# I would just like to say...



## pugsandkids (Jun 25, 2011)

that it's not all me! We have a houseful of critter variety. Everyone assumes its all me. I'm the woman, mother, nurturer, and obvious softie. Can I share with you two of the more recent things my husband has said to me? 

"Hey babe, you know I love you right? So and so (a customer) said if we don't take her sons bearded dragon she'll set him loose in the woods. She'll call me when she's ready to bring it by this weekend."

Uh, ya. That's how many of the critters have ended up here!
Last night we were waiting for a movie to start and I was playing on my phone.
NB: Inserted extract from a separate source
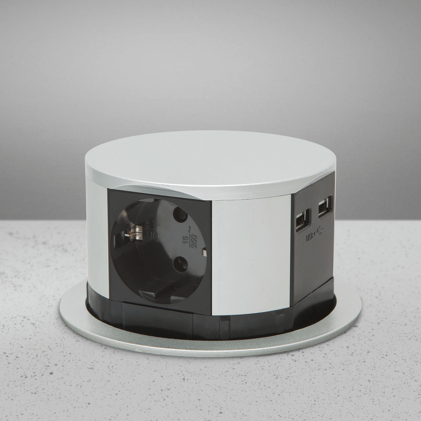 Süllyeszthető elosztó irodai és otthoni felhasználásra, fém házzal. Asztalod, bútorod legyen mindig elegáns és rendezett, mégis funkcionális. A beépített USB csatlakozónak köszönhetően könnyen tudod tölteni mobil eszközeidet. A rejtett elosztó kiváló megoldás lehet ha már például kész konyhával rendelkezel, de nincs elegendő konnektor a kívánt helyen. Ilyenkor falvésés és villamos hálózat bővítés nélkül, remek alternatíva lehet egy rejtett elosztó. Egy mozdulat és máris rendelkezésre áll 3 szabad konnektor. Ideális lehet olyan elektromos eszközökhöz, ami nem folyamatosan van használva, kenyérpirító, vízforraló... Ha használaton kívül vannak, a "töltőoszlop" egy mozdulattal elrejthető, ezzel is megkönnyítve például a takarítást, valamint rendezett, letisztult külsőt ad a helységnek.

No worries, the previews had not started  I showed him a picture of Toms new ivory babies...

"Oh, buy me one. What are they, how big? How can we get one? I can build another tort yard." 

I love him, but its not all me!


----------



## Tom (Jun 25, 2011)

My wife does the same stuff, but then complains that we have too many animals. Of course she wants another scottie dog, and...etc...
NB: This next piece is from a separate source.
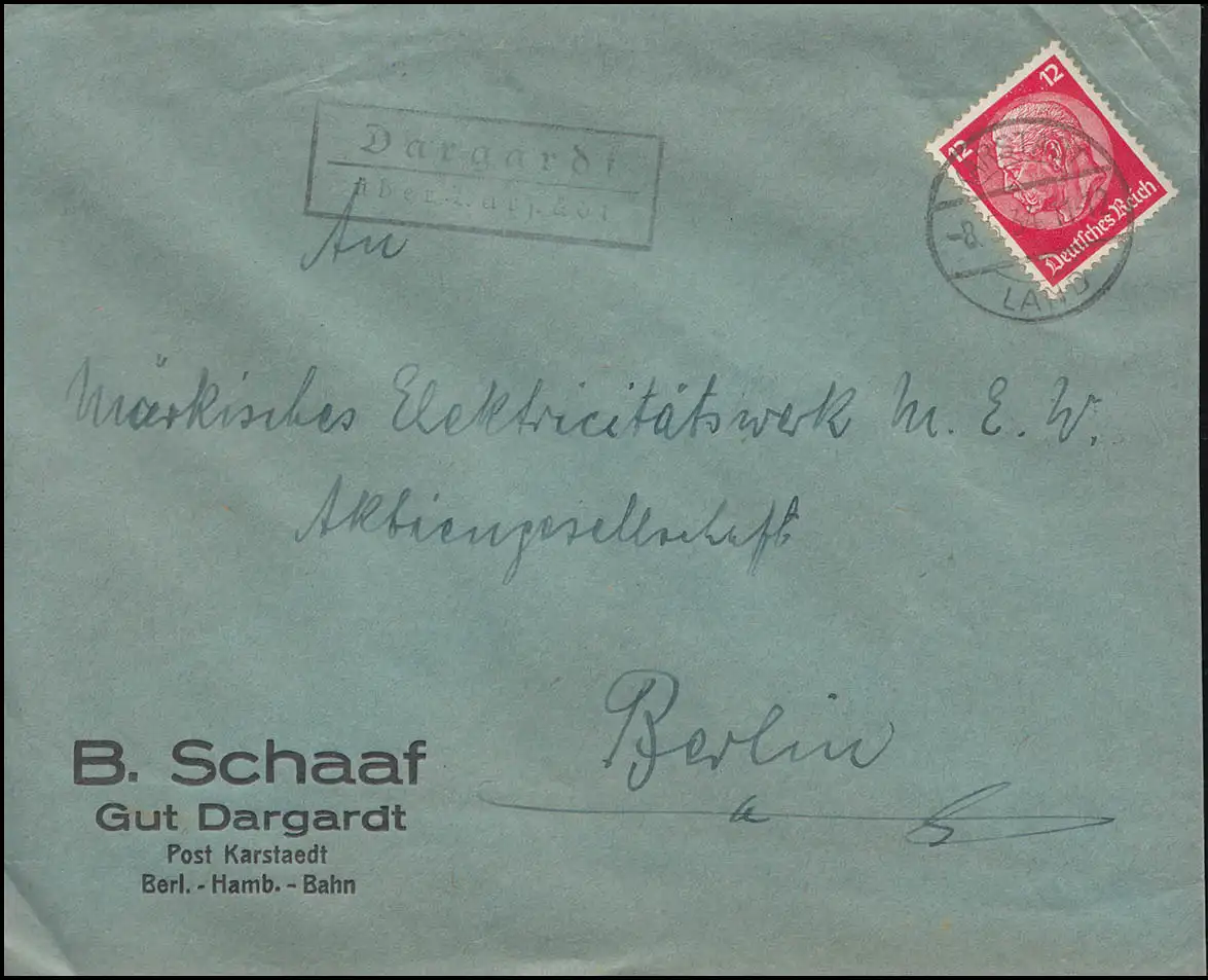 Landpost Dargardt über Karstädt - Brief KARSTÄDT LAND 8.5.34

Of course when I try to give something away to a great home, she throws a total fit. But then complains about all the animals again. Haha. 

I feel your pain Sarah!


----------



## Jacqui (Jun 25, 2011)

Sounds like my husband and my children. More so the kids, because Jeff never complains about how much money goes into the animals. Jeff of course covers himself good. This last Christmas eve, he came home with this sweet young dog and announces that the rescue is my Christmas gift.


----------



## Floof (Jun 27, 2011)

Been there... Except, still living at home, it's not a spouse that's the issue but my dad. One day he's trying to talk me into this one 8' boa on KSL (ok, partly my fault, introducing him to my boss's almost 7.5' girl), or saying "Go for it!" when someone offers me their unwanted pet (how we got my brother's ferret)... The next he's complaining because we have too many animals and they're expensive (he hates that most my paychecks go to their care instead of savings) and/or enter-other-complaint-here.
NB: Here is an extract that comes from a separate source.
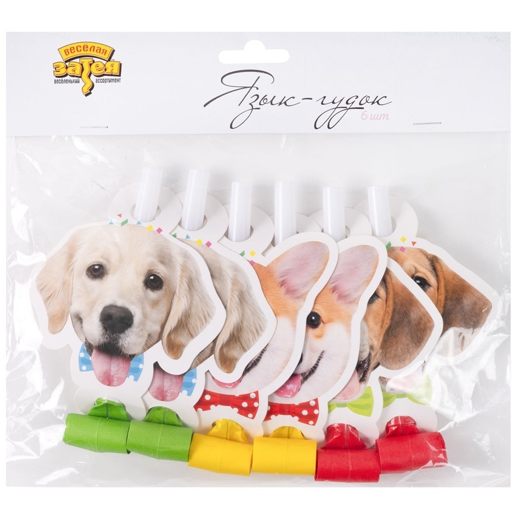 Весёлые язычки-гудки с ярким дизайном «Собачки» станут эффектным дополнением любого праздника. При каждом выдохе они издают забавный звук и разворачиваются в яркую форму, создавая атмосферу радости и веселья.

Most recently, he's been complaining because the animals prevent us from taking a nice, long road trip to visit family (such a trip would consist of traversing every state west of Colorado and Wyoming... And maybe Colorado itself), or other assorted vacation ideas... So when I tentatively mentioned fish, it was a shock when he said, "Yeah, fish would be cool!" And had no complaints when I got a nice big aquarium set up off KSL, knowing full well my thoughts of a turtle of my own should the guy whose turtles I'm going to be pet-sitting decide he doesn't want it.

People can be so fickle...


----------



## pugsandkids (Jun 27, 2011)

Ha, its nice to know other people have the same problem! It cracks me up that he's just as soft as I am, but because he's a 250lb plumber, no one really believes it


----------



## ALDABRAMAN (Jul 11, 2011)




----------